On February 24, the Board of Governors of the Federal Reserve System (Federal Reserve) issued a supervisory letter (Letter) intended for distribution to all entities regulated by the Federal Reserve. The letter, SR 09-4, advised bank holding companies (BHCs) and state-member banks to use care before declaring dividends, particularly with respect to trust preferred securities, or repaying outstanding debt obligations, if such entities have received assistance under the Troubled Asset Relief Program’s Capital Purchase Program (CPP). While the guidance issued under new SR 09-4 largely restated existing Federal Reserve guidance with respect to preserving the holding company as a source of strength, the Letter also stated as follows: “[A] recipient of taxpayer funds through [new governmental capital programs such as the CPP] should consider and communicate reasonably in advance to Federal Reserve supervisory staff how the BHC’s proposed dividends, capital redemptions, and capital repurchases are consistent with the requirements applicable to its receipt of capital under the program and its ability to redeem, within a reasonable period of time and with Federal Reserve consent, its outstanding capital issuance under the program. While not expressly prohibited, BHCs are discouraged from using proceeds of the CPP or other public investment to pay dividends on trust preferred securities or repay debt obligations.
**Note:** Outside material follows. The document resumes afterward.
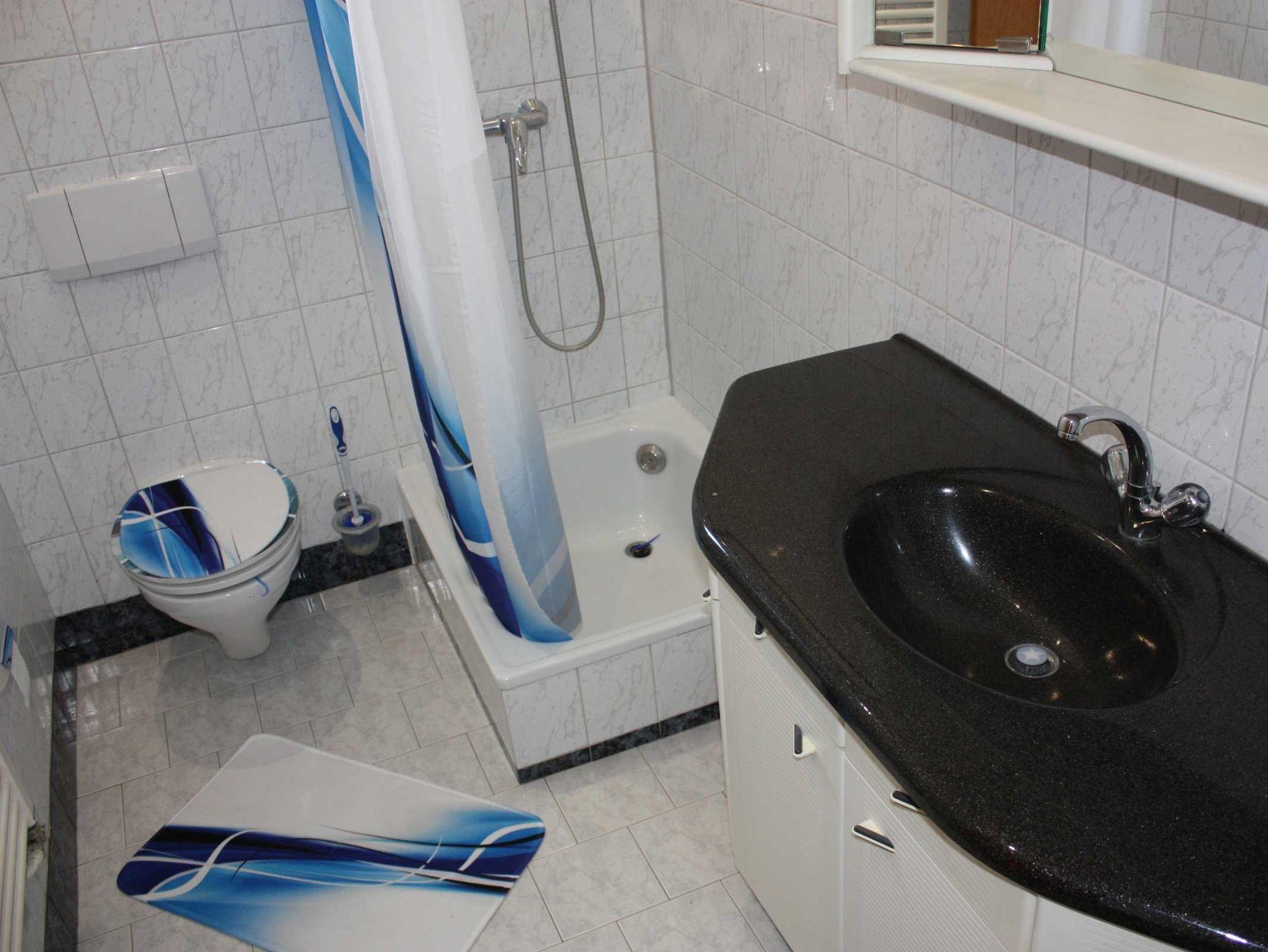 Die Ferienwohnung für max. 3 Erwachsene und 1 Kind bis 10 Jahre. Die Wohnung verfügt über 1 Wohnzimmer (15 m²) mit einer Schlafcouch (Aufbettungsmöglichkeit), TV/SAT, eine große Einbauküche (15 m²) mit Sitzecke, E-Herd mit Backröhre, Waschmaschine, Kühlschrank, Tiefkühlwürfel, Wasserkocher, Kaffemaschine und Mikrowelle.

If the financial condition of a CPP or other program participant deteriorates significantly, it may be appropriate for that BHC to cease paying dividends on the investment, as well as on trust preferred securities. Likewise, participants in such programs should ensure that stock redemptions and repurchases are consistent with program requirements and, if permissible, are consistent with redemption of capital issued under the program as soon as reasonably feasible and appropriate.”  

Under the standard terms of the CPP, so long as dividends are current on outstanding preferred stock issued to the U.S. Treasury Department, dividends to existing shareholders are not prohibited. It is not clear at this time whether the Letter is intended, via regulatory fiat, to change the terms of the CPP documents. Consultation with the Federal Reserve is therefore recommended on an individual institution basis.